Jorge Navarro Alberto, ganava4@gmail.com

References

Manly, B.F.J., Navarro Alberto, J.A. and Gerow, K. (2024) Multivariate Statistical Methods. A Primer. 5th Edn. CRC Press.

van Valen, L. (1978) The statistics of variation. Evolutionary Theory 4: 33-43. (Erratum Evolutionary Theory 4: 202.)

Examples

data(sparrows)
res.VanValen <- VanValen(sparrows, "Survivorship", "S",
                         alternative = "less", var.equal = TRUE)
# Brief output
res.VanValen

Prints Box'M test based on an F-statistic

Description

Prints the results produced by BoxM.F function, with the option to display the matrices involved in the calculations

Usage

## S3 method for class 'BoxM.F'
print(x, long = FALSE, ...)

Arguments

x

an object of class BoxM.F

long

a logical variable indicating whether a long output is desired (TRUE) or not (FALSE, the default). The long output shows the covariance matrix for each group and the pooled covariance matrix.

...

further arguments passed to or from other methods.

Value

Displays the results of Box's M test for homogeneity of covariance matrices, based on the F-approximation computed by the BoxM.F function. The argument x, invisibly, as for all print methods, is a list of class "BoxM.F". This print method provides two sorts of output depending on whether the long argument is TRUE or FALSE (the default). The "short" output displays:

A heading describing the analysis.
The data frame analyzed.
The variables used for the test.
The factor defining the populations or samples and their levels.
The value of the Box's M statistic, the corresponding approximate F-statistic, the degrees of freedom for the numerator and the denominator of the F-statistic, and the p-value.
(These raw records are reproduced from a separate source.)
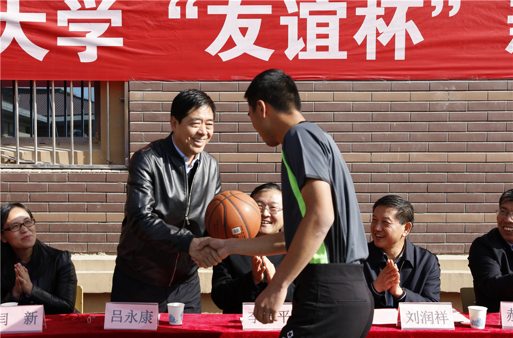 校党委副书记李晋平、刘润祥,副校长、校体育运动委员会主任吕永康出席新生篮球赛开幕式,学校相关部门及学院负责人参加。
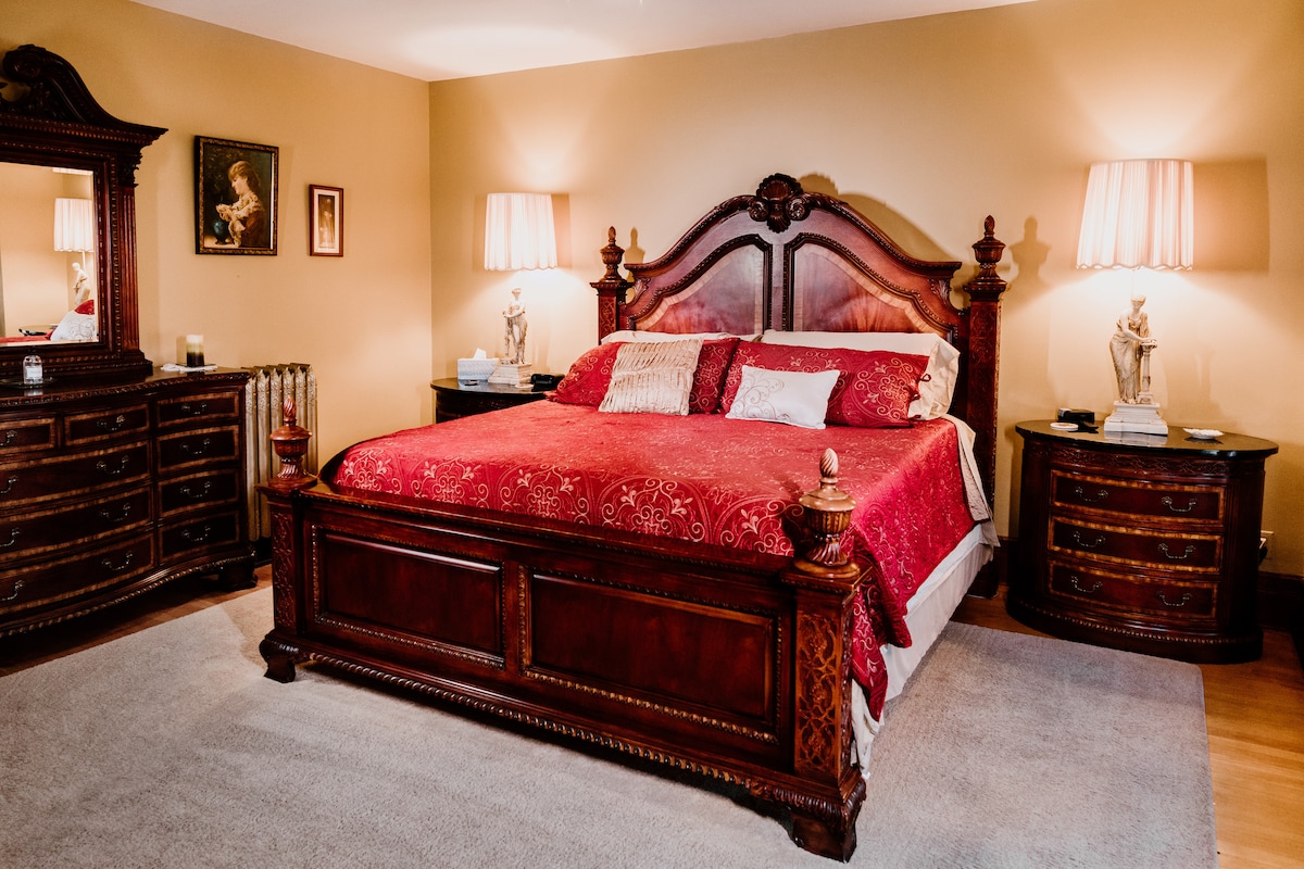 1897 Beekman House Bed and Breakfast is a beautifully restored Victorian manor. The house retains its original front porch, pocket doors, hardwood floors, high ceilings, stained glass windows, richly-toned woodwork, and grand staircase. Located in Central New York’s world-class wine region, our beautifully-appointed home, modern amenities and gracious hospitality will provide the perfect setting for your Finger Lakes vacation. The Empress Room is an exquisitely appointed room fit for a queen.
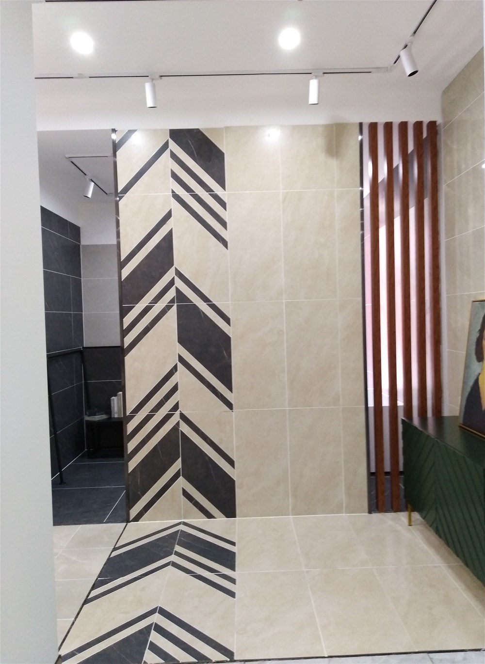 这是现代简约风格玄关,正面墙由通体大理石KT9832凯罗地灰铺贴,玉石的质感温润细腻,侧面墙则由15°缎光釉KFD8803泰坦米黄与KFD8808保级利亚灰切割铺贴,正面正铺与侧面墙切割铺贴,繁与简结合,亮面与柔光面搭配,不会造成视觉疲劳又不至于太单调。

In addition to the above information, the "long" output lists:

The covariance matrix for each sample.
The pooled covariance matrix.

Examples

data(skulls)
resBoxM.F <- BoxM.F(skulls, Period)
# Long output
print(resBoxM.F, long = TRUE)

Prints Hotelling's `T^2` test

Description

Prints the results produced by the Hotelling.mat function

Usage

## S3 method for class 'Hotelling.mat'
print(x, long = FALSE, ...)

Arguments

x

an object of class "Hotelling.mat"

long

a logical variable indicating whether a long output is desired (TRUE) or not (FALSE, the default)

...

further arguments passed to or from other methods.

Value

Displays the results of the comparison of mean values of two multivariate samples, under the assumption that covariance matrices are equal, using Hotelling's T² test. The argument x, invisibly, as for all print methods, is a list of class "Hotelling.mat". This print method provides two sorts of output depending on whether the long argument is TRUE or FALSE (the default). The "short" output displays:

A description of the analysis.
The data frame analyzed.
The labels of the two-level group factor (samples), with an order determined by the user in the Hotelling.mat argument level1.
The value of Hotelling's T²-statistic.
The value of the F-statistic with its corresponding degrees of freedom for numerator and denominator.
The P-value.

In addition to this summary, the "long" output shows:

The mean vectors and covariance matrices for each sample.
The pooled covariance matrix.
The inverse of the covariance matrix.

Examples

data(sparrows)
results.T2 <- Hotelling.mat(sparrows, group = Survivorship, level1 = "S")
# Long output
print(results.T2, long = TRUE)

Prints Levene's test based on Hotelling's `T^2` test

Description

Prints the results produced by LeveneT2, consisting of a Levene's test for two multivariate samples based on Hotelling's T^2 test.

Usage

## S3 method for class 'LeveneT2'
print(x, long = FALSE, ...)

Arguments

x

an object of class "LeveneT2".

long

a logical variable indicating whether a long output is desired (TRUE) or not (FALSE, the default).

...

further arguments passed to or from other methods.

Value

Displays the results of the comparison of multivariate variation in two samples in which data values are transformed into absolute deviations from their respective sample medians, and mean vectors of absolute deviations are compared using Hotelling's T^2 test. The argument x, invisibly, as for all print methods, is a list of class "LeveneT2". This print method provides two sorts of output depending on whether the long argument is TRUE or FALSE (the default). The "short" output displays:

A description of the analysis.
The data frame analyzed.
The names of responses in the data frame.
The labels of the two-level group factor (samples), with an order determined by the argument level1 in LeveneT2.
The value of Hotelling's T²-statistic.
The value of the F-statistic with its corresponding degrees of freedom for numerator and denominator. When the within-sample covariance matrices of absolute deviations around medians are not assumed equal (var.equal = FALSE), these degrees of freedom are approximated using the Nel and van der Merwe's (1986) solution to the multivariate Behrens-Fisher problem, as implemented in Hotelling package (Curran and Hersh, 2021).
The P-value.

In addition to the above information, the "long" output lists:

Sub-data frames containing the original responses and medians, separately for each sample.
The absolute deviations from sample medians for samples 1 and 2.
Vectors of mean absolute deviations around medians for samples 1 and 2, used in Hotelling's T² test.

References

Curran, J. and Hersh, T. (2021). Hotelling: Hotelling's T^2 Test and Variants. R package version 1.0-8, https://CRAN.R-project.org/package=Hotelling.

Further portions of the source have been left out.